Assignment:
With the pictures omitted, print exactly the lines below, from the one containing "The GEFS (GFS" through the one containing "- [Versatile] This", and nothing else.

Exercise materials:
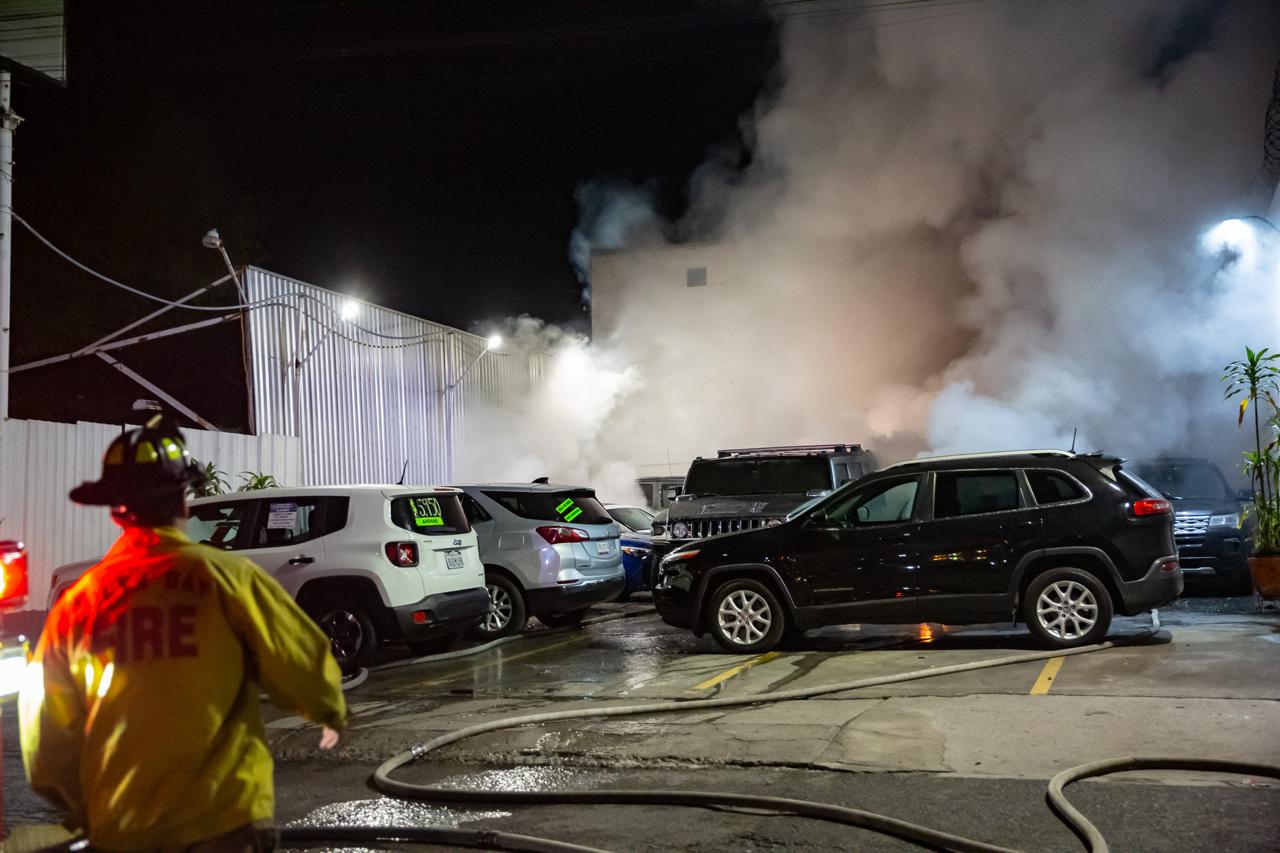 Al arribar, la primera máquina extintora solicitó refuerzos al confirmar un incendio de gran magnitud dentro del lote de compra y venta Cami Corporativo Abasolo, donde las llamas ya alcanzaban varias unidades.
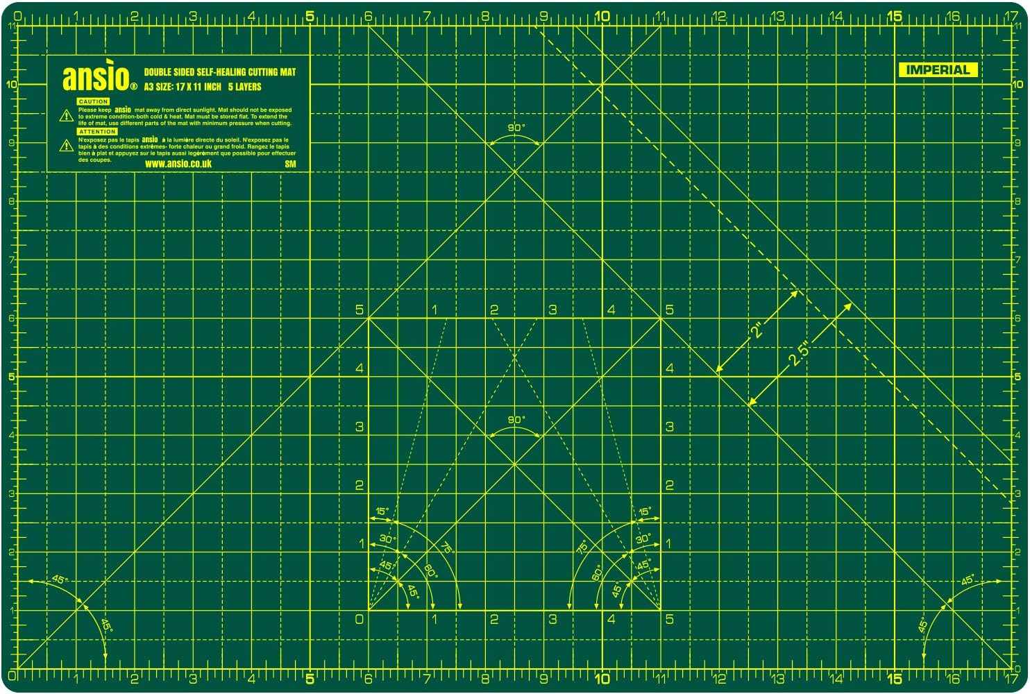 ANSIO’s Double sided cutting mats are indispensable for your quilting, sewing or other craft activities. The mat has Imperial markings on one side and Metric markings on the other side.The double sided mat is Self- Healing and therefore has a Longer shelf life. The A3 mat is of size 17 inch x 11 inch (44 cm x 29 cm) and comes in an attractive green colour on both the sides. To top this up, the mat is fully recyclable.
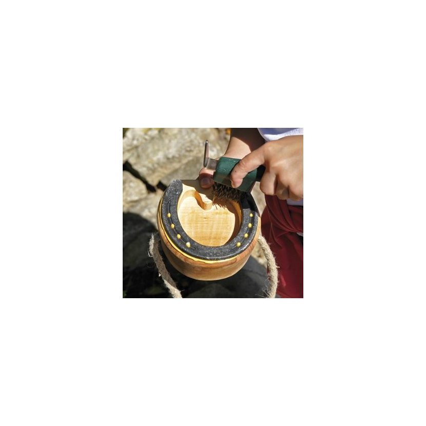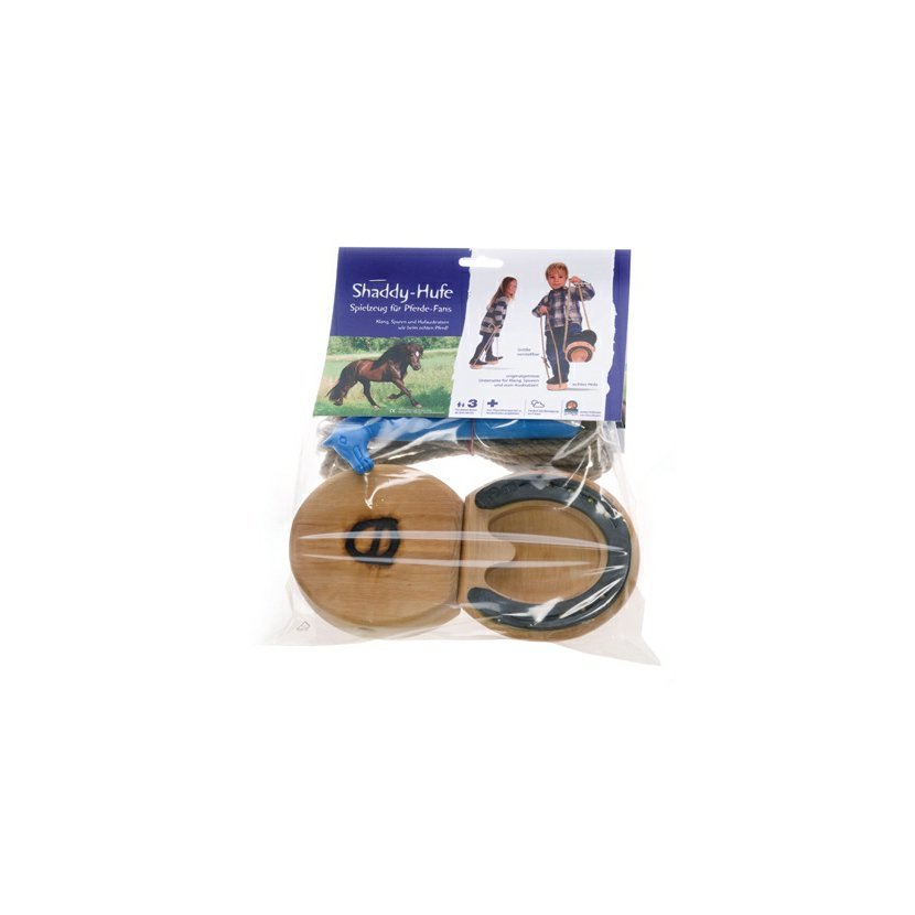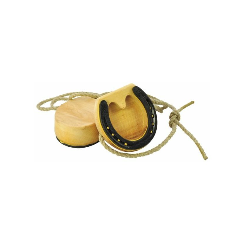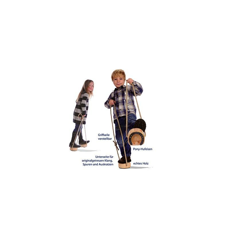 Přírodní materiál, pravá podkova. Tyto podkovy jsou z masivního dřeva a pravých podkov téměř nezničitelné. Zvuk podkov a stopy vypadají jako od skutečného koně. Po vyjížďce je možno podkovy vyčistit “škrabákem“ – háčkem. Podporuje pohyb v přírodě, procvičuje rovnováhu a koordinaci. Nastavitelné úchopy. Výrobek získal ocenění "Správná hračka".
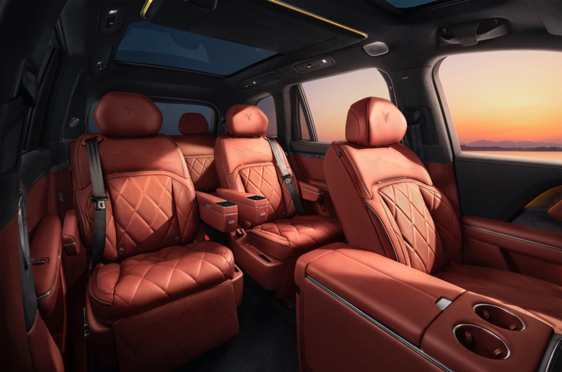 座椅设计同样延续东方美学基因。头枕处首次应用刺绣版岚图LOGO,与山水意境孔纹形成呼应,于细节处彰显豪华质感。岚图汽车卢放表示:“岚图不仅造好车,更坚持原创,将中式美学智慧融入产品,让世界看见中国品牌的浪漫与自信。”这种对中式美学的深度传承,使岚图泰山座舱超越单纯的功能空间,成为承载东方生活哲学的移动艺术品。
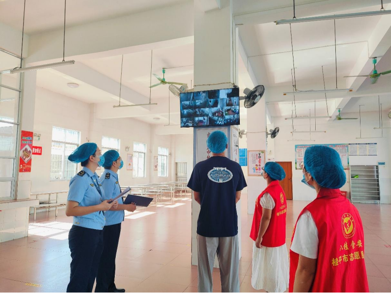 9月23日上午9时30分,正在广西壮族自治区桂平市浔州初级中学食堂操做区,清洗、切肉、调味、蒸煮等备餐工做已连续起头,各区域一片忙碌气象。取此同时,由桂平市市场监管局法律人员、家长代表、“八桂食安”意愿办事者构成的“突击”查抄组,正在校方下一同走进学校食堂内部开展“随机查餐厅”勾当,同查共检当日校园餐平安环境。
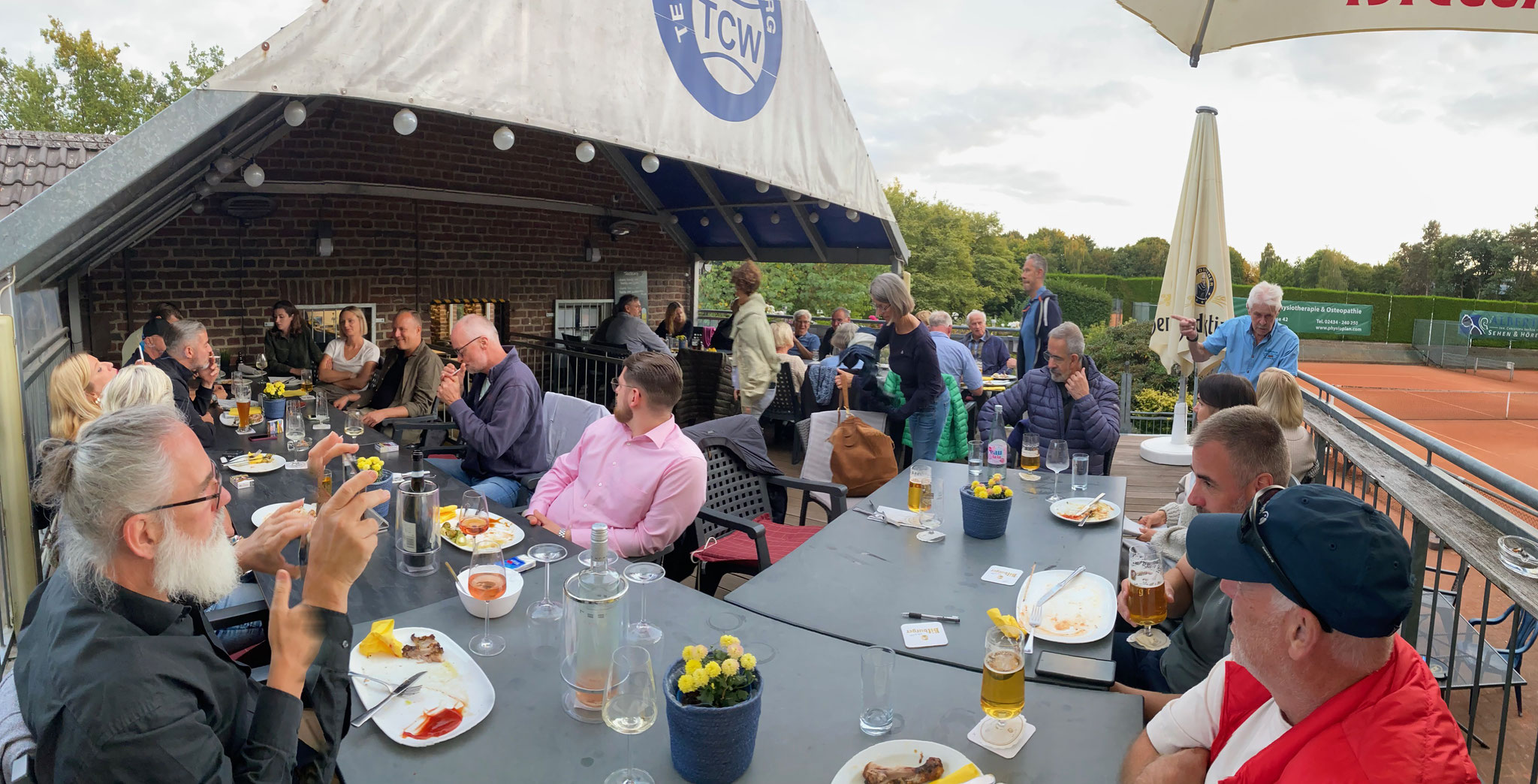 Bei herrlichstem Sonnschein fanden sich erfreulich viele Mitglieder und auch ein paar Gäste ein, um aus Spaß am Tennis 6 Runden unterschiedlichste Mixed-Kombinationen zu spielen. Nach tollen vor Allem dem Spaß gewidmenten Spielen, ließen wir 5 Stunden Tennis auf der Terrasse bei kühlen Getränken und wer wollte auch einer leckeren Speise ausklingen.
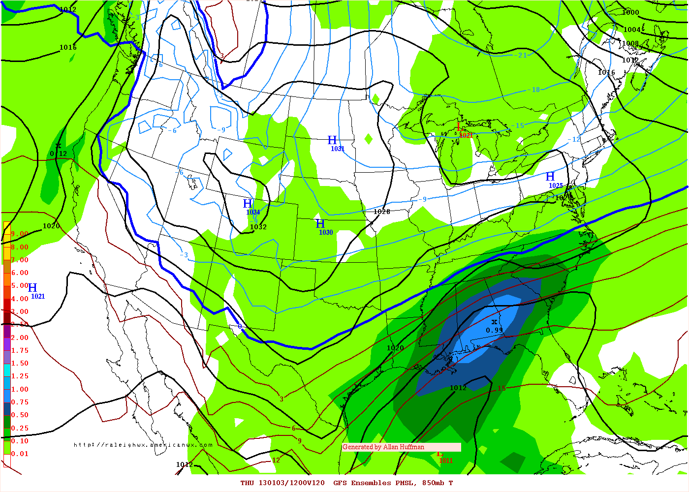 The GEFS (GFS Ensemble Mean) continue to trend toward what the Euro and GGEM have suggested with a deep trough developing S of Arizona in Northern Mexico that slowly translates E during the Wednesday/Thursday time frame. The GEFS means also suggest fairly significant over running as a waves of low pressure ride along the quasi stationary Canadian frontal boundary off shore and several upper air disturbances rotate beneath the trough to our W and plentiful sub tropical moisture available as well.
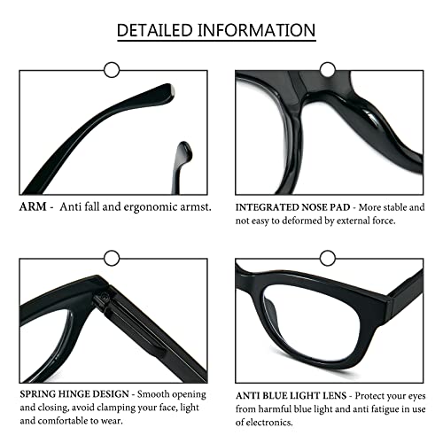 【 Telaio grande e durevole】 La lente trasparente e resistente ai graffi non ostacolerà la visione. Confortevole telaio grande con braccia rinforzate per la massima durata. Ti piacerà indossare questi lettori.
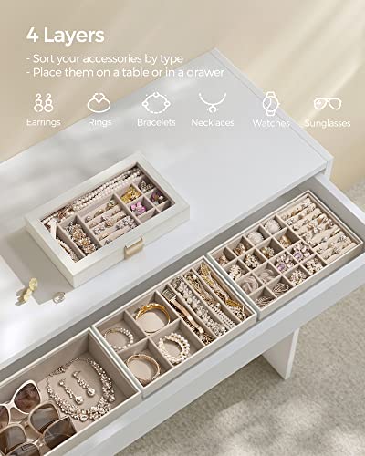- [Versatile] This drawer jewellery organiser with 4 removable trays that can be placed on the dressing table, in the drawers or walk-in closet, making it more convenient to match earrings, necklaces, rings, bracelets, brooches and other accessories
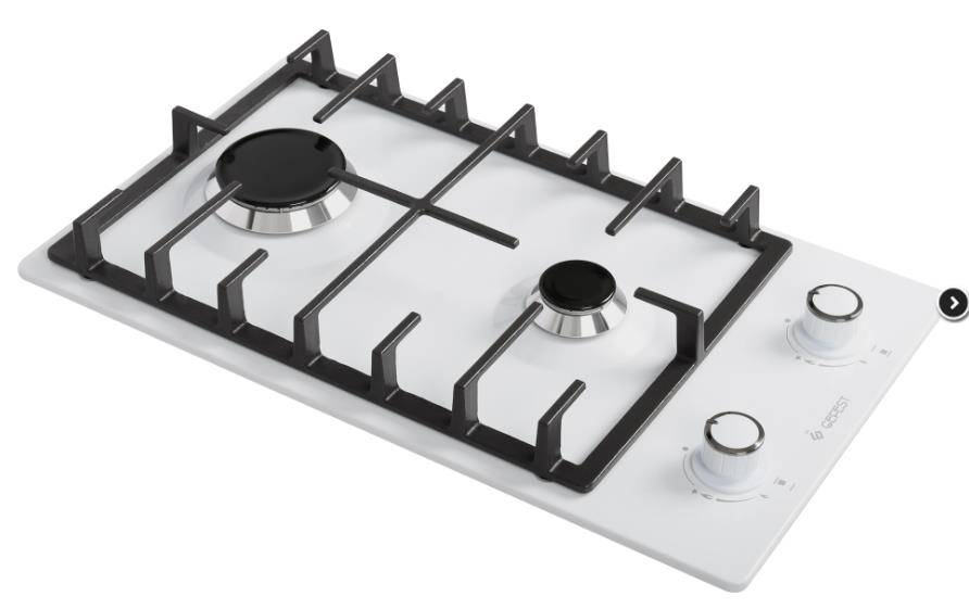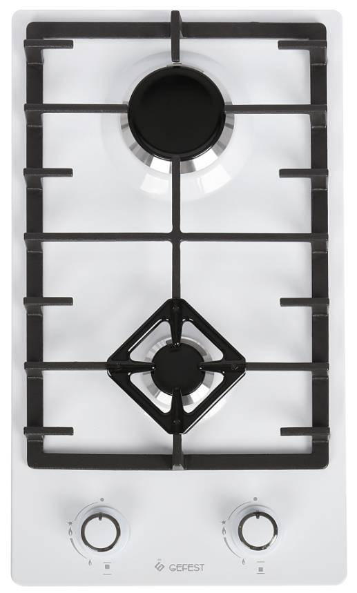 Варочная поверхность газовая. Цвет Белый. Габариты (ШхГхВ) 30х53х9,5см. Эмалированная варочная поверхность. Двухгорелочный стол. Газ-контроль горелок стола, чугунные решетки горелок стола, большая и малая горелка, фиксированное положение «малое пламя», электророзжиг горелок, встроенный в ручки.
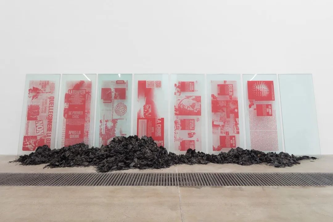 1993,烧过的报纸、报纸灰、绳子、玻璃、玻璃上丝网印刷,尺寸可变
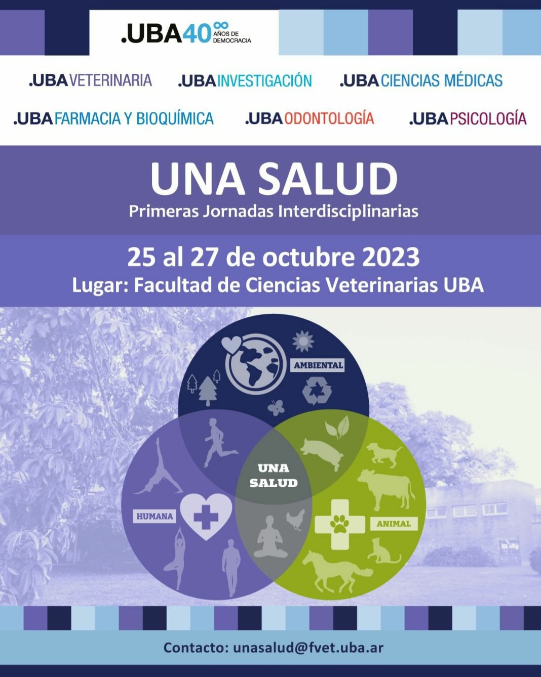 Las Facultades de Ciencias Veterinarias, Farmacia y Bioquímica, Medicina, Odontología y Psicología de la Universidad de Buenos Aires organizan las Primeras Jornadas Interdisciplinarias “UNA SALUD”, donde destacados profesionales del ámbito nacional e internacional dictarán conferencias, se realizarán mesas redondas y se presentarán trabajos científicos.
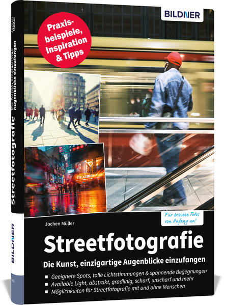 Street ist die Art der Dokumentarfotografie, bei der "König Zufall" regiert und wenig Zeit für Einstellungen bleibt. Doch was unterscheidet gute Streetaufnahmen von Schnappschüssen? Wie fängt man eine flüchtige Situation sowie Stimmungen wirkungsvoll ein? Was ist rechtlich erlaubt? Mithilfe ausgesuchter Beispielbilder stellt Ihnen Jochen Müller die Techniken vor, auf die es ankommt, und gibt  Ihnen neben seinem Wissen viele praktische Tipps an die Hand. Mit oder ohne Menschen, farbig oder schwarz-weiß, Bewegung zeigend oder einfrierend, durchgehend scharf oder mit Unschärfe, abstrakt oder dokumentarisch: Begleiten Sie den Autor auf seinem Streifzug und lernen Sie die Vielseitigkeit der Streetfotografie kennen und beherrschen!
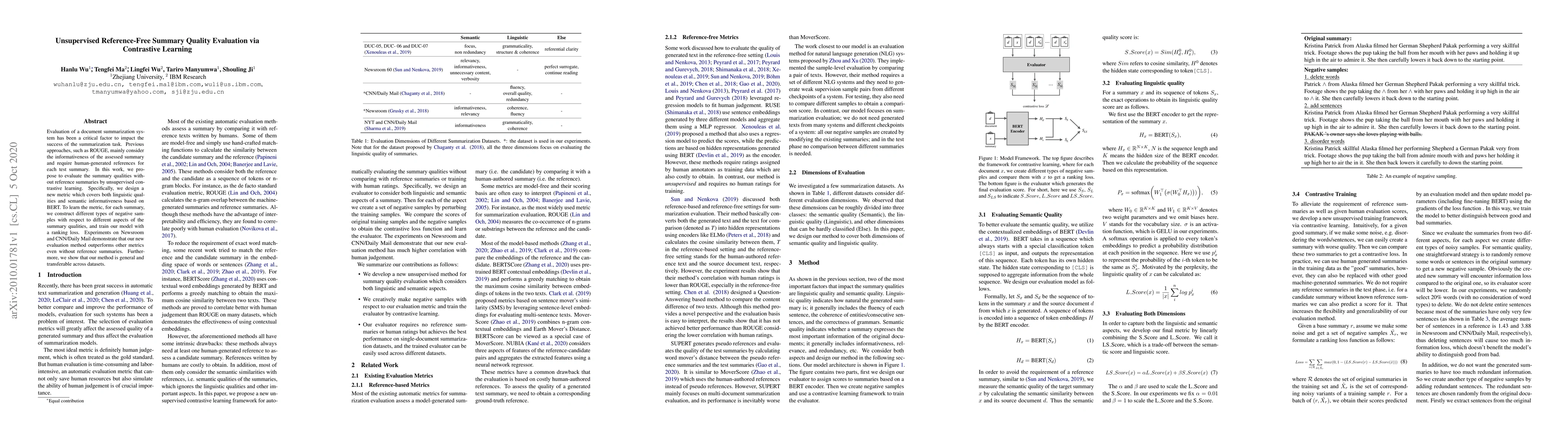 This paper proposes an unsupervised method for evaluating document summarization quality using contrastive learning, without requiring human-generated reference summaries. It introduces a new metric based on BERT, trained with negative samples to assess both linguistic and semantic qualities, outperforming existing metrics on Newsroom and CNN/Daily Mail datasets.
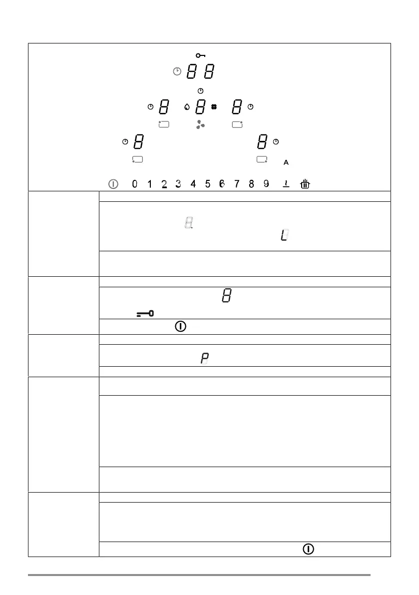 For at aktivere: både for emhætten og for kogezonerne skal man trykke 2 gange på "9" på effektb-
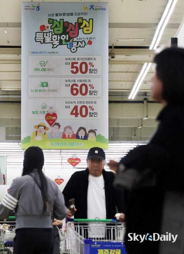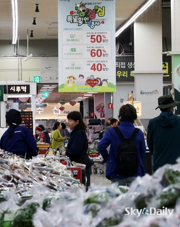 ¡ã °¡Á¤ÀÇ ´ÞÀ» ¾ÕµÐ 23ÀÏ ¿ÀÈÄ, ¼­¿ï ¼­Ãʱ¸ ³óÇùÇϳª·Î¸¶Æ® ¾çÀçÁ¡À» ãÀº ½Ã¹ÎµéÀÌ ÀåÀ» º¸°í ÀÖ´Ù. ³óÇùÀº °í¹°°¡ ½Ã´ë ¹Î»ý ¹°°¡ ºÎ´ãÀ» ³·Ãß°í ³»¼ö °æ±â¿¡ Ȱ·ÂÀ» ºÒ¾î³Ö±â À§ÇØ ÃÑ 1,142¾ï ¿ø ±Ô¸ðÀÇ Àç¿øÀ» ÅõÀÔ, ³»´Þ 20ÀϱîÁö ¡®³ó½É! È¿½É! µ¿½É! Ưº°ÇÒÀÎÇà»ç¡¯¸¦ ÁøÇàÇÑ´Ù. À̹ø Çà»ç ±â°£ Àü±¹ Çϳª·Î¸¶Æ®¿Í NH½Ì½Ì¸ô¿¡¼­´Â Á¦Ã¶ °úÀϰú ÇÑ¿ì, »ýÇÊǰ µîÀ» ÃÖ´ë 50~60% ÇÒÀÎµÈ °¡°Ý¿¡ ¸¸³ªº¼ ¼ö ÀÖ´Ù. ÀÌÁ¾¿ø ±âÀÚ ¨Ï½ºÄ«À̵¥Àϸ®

Solution below:
 The GEFS (GFS Ensemble Mean) continue to trend toward what the Euro and GGEM have suggested with a deep trough developing S of Arizona in Northern Mexico that slowly translates E during the Wednesday/Thursday time frame. The GEFS means also suggest fairly significant over running as a waves of low pressure ride along the quasi stationary Canadian frontal boundary off shore and several upper air disturbances rotate beneath the trough to our W and plentiful sub tropical moisture available as well.
 【 Telaio grande e durevole】 La lente trasparente e resistente ai graffi non ostacolerà la visione. Confortevole telaio grande con braccia rinforzate per la massima durata. Ti piacerà indossare questi lettori.
- [Versatile] This drawer jewellery organiser with 4 removable trays that can be placed on the dressing table, in the drawers or walk-in closet, making it more convenient to match earrings, necklaces, rings, bracelets, brooches and other accessories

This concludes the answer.